---------- Dataset excerpts
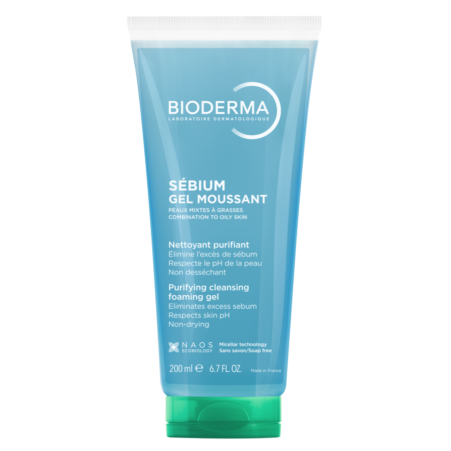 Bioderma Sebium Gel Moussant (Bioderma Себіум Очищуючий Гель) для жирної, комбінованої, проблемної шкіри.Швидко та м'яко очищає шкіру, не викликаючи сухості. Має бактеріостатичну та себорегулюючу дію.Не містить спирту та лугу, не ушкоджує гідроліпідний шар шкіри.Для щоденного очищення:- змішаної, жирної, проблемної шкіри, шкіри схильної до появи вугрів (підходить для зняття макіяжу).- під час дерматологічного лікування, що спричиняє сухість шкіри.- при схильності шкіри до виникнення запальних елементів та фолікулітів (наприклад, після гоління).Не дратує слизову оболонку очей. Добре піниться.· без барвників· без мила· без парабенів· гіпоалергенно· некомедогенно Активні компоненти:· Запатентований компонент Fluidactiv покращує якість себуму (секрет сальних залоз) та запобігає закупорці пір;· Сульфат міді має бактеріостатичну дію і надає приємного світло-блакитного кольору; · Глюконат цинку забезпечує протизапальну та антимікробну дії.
--------------------
---------- Dataset excerpts
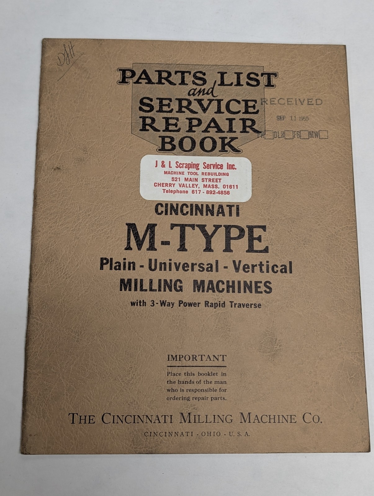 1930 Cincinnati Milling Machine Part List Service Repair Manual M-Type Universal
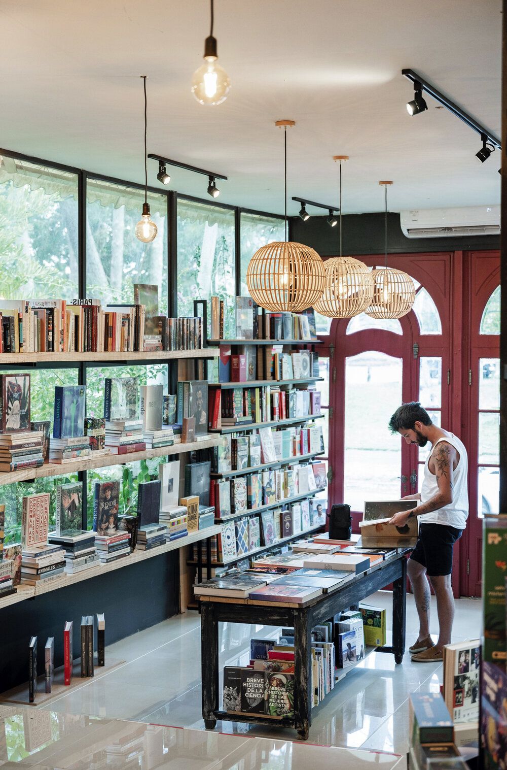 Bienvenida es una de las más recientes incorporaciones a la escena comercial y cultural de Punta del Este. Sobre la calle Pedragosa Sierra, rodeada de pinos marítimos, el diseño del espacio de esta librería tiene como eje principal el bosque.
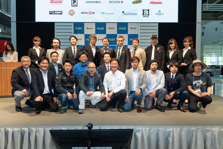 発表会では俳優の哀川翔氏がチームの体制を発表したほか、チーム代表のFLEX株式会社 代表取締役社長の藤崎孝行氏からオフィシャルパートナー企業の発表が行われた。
--------------------
### Your goal
From the line holding "1930 Cincinnati Milling" to the line holding "発表会では俳優の哀川翔氏がチ", both included, retype the entries above exactly and drop the pictures.

### Written reply
 1930 Cincinnati Milling Machine Part List Service Repair Manual M-Type Universal
 Bienvenida es una de las más recientes incorporaciones a la escena comercial y cultural de Punta del Este. Sobre la calle Pedragosa Sierra, rodeada de pinos marítimos, el diseño del espacio de esta librería tiene como eje principal el bosque.
 発表会では俳優の哀川翔氏がチームの体制を発表したほか、チーム代表のFLEX株式会社 代表取締役社長の藤崎孝行氏からオフィシャルパートナー企業の発表が行われた。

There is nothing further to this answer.